=== WHAT IS REQUIRED ===
I'd like the entries repeated exactly, pictures omitted.

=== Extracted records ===
|---|

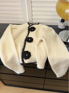 小香风气质毛衣外套女秋冬修身短款山茶花针织衫开衫春秋新款上衣
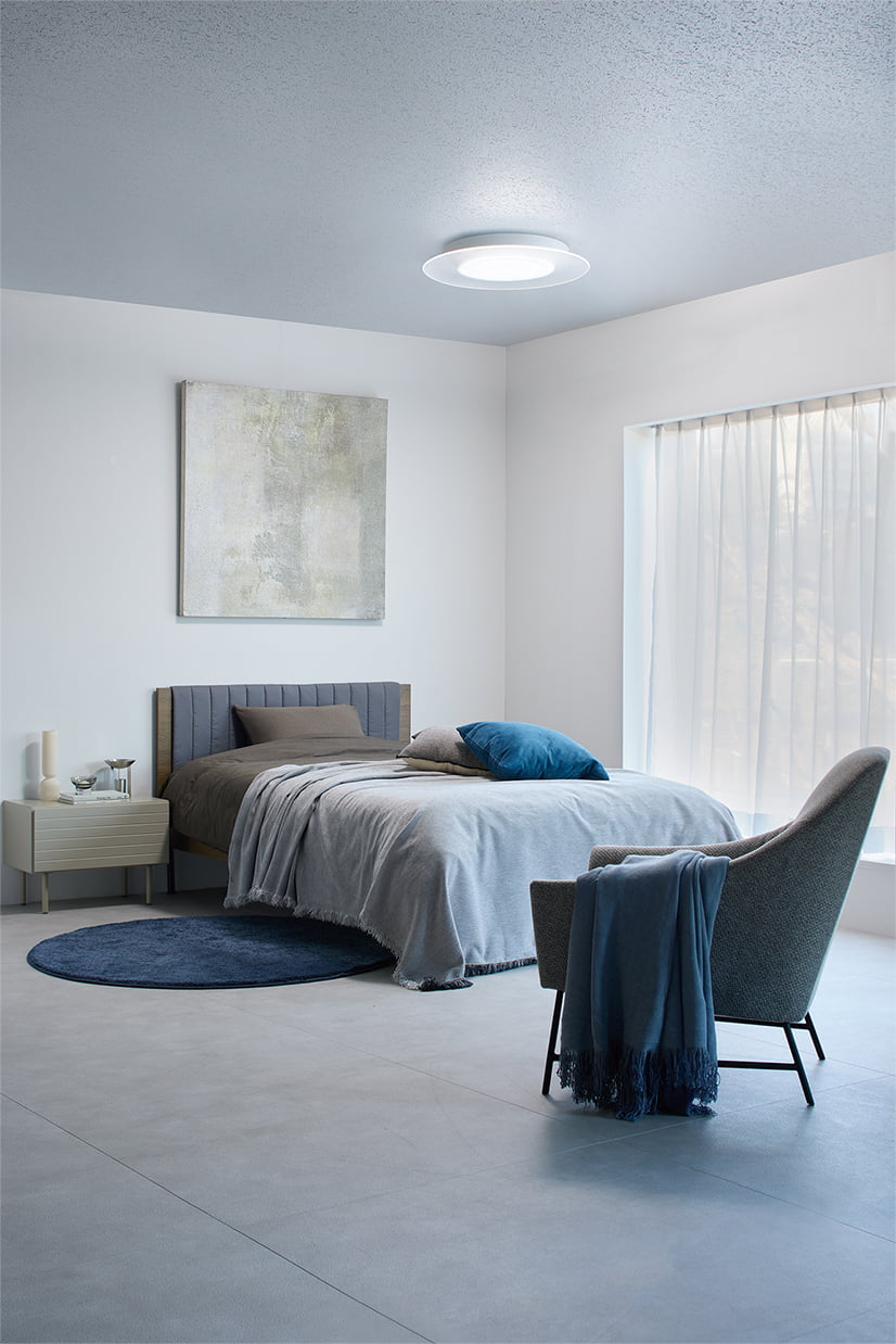 寝室にエアパネルLEDを設置して「おめざめモード」を使えば、日の出のようなあかりとともにさわやかな朝のお目覚め環境をサポート。時間の経過とともに徐々に光が明るくなり、おやすみからお目覚めまで、寝室環境をサポートします。カーテンを閉めて就寝すると朝の光を感じにくいので、特におすすめです。
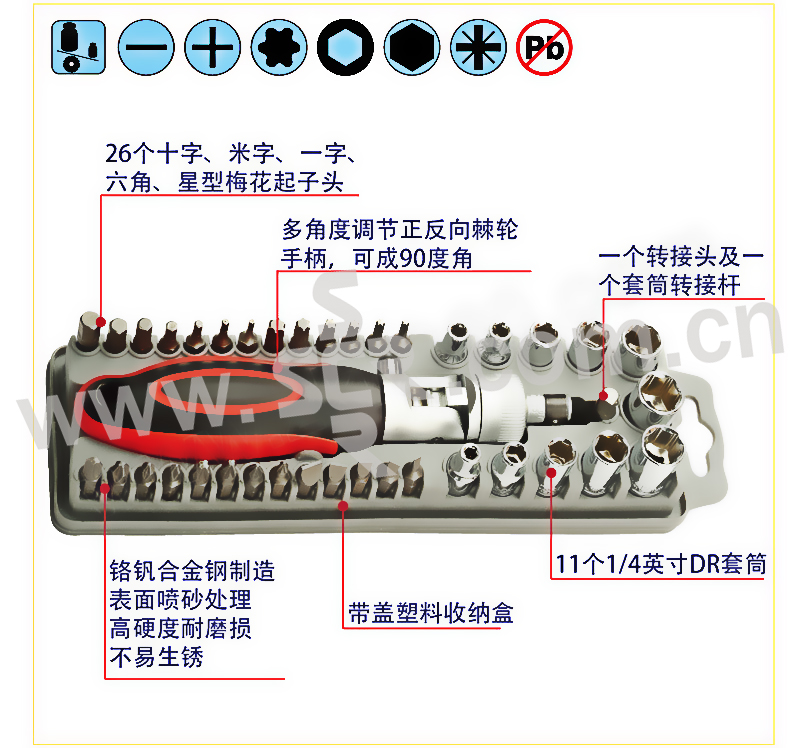 PROSKIT/宝工 棘轮套筒组 SD-2309 40件 4-13mm/PH0-PH3/SL3-8mm等 1套
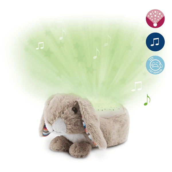 Ruby, het schattige pluche konijntje met een sterprojector op zijn rug, tovert een magische sterrenhemel naar het plafond. Voor de sterprojecties kunt u kiezen tussen drie kleuren of wisselende kleuren. Hartslag, lawaai of loungemuziek zijn beschikbaar voor de rustgevende geluiden. Na ca. 30 minuten gaat het licht automatisch uit en na ca. 15 minuten gaat het geluid automatisch uit. Als de geluidssensor wordt geactiveerd, gaat het licht weer aan als de baby huilt. Ruby werkt op batterijen. Er zijn drie AA-batterijen nodig. De batterijen zijn NIET bij de levering inbegrepen Het is geschikt vanaf de geboorte.
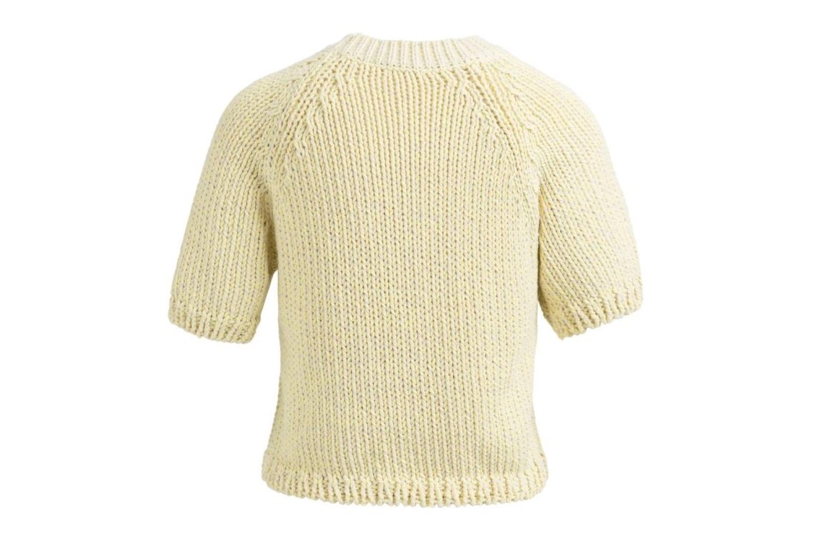 Yaya trui 01-000551-602 309151. Dit rechtvallende model heeft een ronde halslijn en korte mouwen. Deze geelkleurige trui van Yaya is uitgevoerd in grofgebreide kwaliteit en is afgewerkt met ribgebreide boorden.

|---|

=== RESPONSE FOR THIS EXERCISE ===
 小香风气质毛衣外套女秋冬修身短款山茶花针织衫开衫春秋新款上衣
 寝室にエアパネルLEDを設置して「おめざめモード」を使えば、日の出のようなあかりとともにさわやかな朝のお目覚め環境をサポート。時間の経過とともに徐々に光が明るくなり、おやすみからお目覚めまで、寝室環境をサポートします。カーテンを閉めて就寝すると朝の光を感じにくいので、特におすすめです。
 PROSKIT/宝工 棘轮套筒组 SD-2309 40件 4-13mm/PH0-PH3/SL3-8mm等 1套
 Ruby, het schattige pluche konijntje met een sterprojector op zijn rug, tovert een magische sterrenhemel naar het plafond. Voor de sterprojecties kunt u kiezen tussen drie kleuren of wisselende kleuren. Hartslag, lawaai of loungemuziek zijn beschikbaar voor de rustgevende geluiden. Na ca. 30 minuten gaat het licht automatisch uit en na ca. 15 minuten gaat het geluid automatisch uit. Als de geluidssensor wordt geactiveerd, gaat het licht weer aan als de baby huilt. Ruby werkt op batterijen. Er zijn drie AA-batterijen nodig. De batterijen zijn NIET bij de levering inbegrepen Het is geschikt vanaf de geboorte.
 Yaya trui 01-000551-602 309151. Dit rechtvallende model heeft een ronde halslijn en korte mouwen. Deze geelkleurige trui van Yaya is uitgevoerd in grofgebreide kwaliteit en is afgewerkt met ribgebreide boorden.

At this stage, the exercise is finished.